For Mum, the biggest problem was that she had not told her parents. A daughter ‘in trouble’ was such a shameful thing and she was terrified of Grandad’s reaction. He was old school: he’d sit in his chair and call for Nan to pour him a cup of tea, even if the teapot was in front of him and even though Nan went out to work and probably needed a sit down, too. Some things were women’s work.
Somehow, Mum heard about a mother and baby home in Streatham and she got herself booked in there. But she didn’t like it when she went to see the people in charge: she sensed their disapproval and they made her feel there was a lot of shame involved in going there – which, of course, in those days there was.

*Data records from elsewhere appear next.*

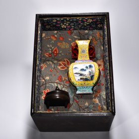 瓷器 清雍正黄地珐琅彩山水纹如意耳方瓶 盒高40厘米 宽28厘米 瓶高22厘米 宽11.8厘米
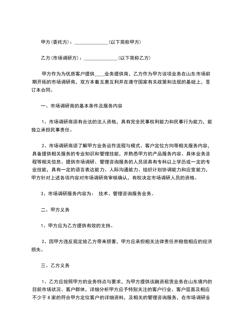甲方作为为优质客户提供____业务提供商,乙方作为甲方该项业务在山东市场前期开拓的市场调研商,双方本着互惠互利并在遵守国家有关政策和法规的基础上,签订本合同。
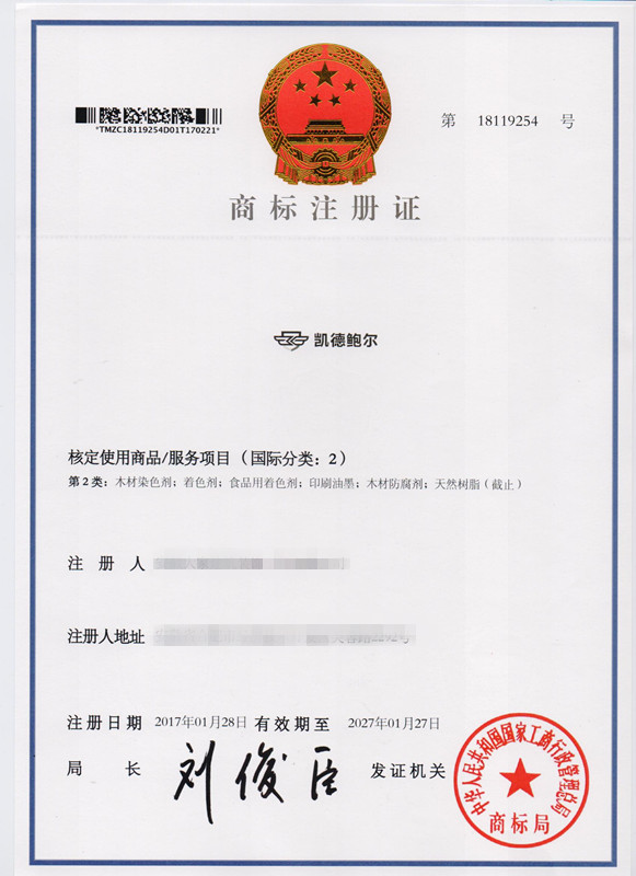 第2类“凯德鲍尔”商标注册证
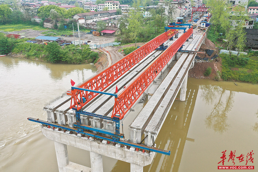 4月15日,国道G354辰溪县辰水二桥拆除重建工程建设现场,工人在进行桥面铺设施工。 原桥存在安全隐患,去年9月启动原址重建。目前,桥梁下部结构已全面完成,工程建设进入最后冲刺阶段,预计8月底通车。

This is not the place to go into the conditions of homes for unmarried girls, but I don’t think many who went there in the fifties and sixties would describe them as happy, caring places. Mum was at her wit’s end and had no idea what else to do: she was supposed to move into the home six weeks before the birth, give the baby (me) up for adoption as soon as it was born and then stay for six weeks afterwards. She packed her bag and even wrote some letters, which she was going to send to Uncle Jim in Jersey for him to post one back to Nan and Grandad each week as if she was working out there.
‘I don’t think I ever said the word “adopted”, even to myself,’ she later told me. ‘I was in denial about what would happen to my baby. I didn’t think about it.’ I can hardly imagine how scared and alone she must have felt as she made these elaborate plans. In the end, it was clearly too much: Mum couldn’t keep it a secret from Nan any more and confessed she was pregnant. Nan was upset at the news but even more concerned about the idea of Mum going into the home and having to give the baby away. She told her not to go and said they would face Grandad together.